ITIC’s 2014 Global Server Hardware, Server OS Reliability survey results indicate that the inherent reliability and uptime of nearly all of the 12 major server hardware and 18 server operating system distributions generally continues to improve year-over- year.

These reliability improvements are based on technical advances in the underlying processor technology such as Intel Corp.’s latest Xeon Processor E7 v2 family are optimized for high reliability and availability and when embedded in a server system that is properly configured, managed and right-sized to fit the application workload, these processors can boost performance by 35% to 60%. Enhancements in memory and disk technology as well as improvements to the core server hardware and server operating systems, have also served to fortify server reliability. All of these technology advances combine to improve performance, scalability, security and enable the servers to support larger applications, data intensive transactions and heavier workloads.

Vendors’ technical service and support; the ready availability of documentation and fixes/patches for known issues and security vulnerabilities also play a crucial role in helping to mitigate or exacerbate and extend outages.

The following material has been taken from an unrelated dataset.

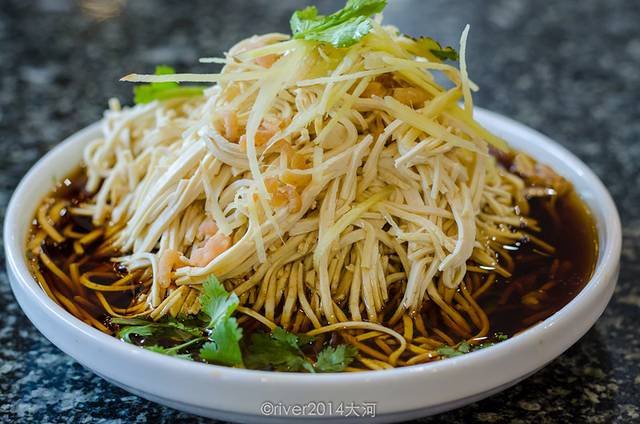 大煮干丝是淮扬菜的代表菜,讲究刀工,主料用豆腐丝,加入了笋丝,虾仁,木耳,青菜,每家店的用料不尽相同,味道鲜美,而且份量很大,装了一小盆。

At the same time, ITIC’s 2014 Reliability poll reveals that a variety of external factors are having more of a direct impact on system downtime and overall availability. These include such factors as human error; overworked and understaffed IT departments; the rapid mainstream adoption of complex new technologies such as virtualization and increasing cloud computing deployments and an explosion of Bring Your Own Device (BYOD) technology. And to reiterate, on the server hardware side it is apparent that when corporations opt to retain their servers for four, five and even six years or more without upgrading, they will experience significant increases of unplanned downtime.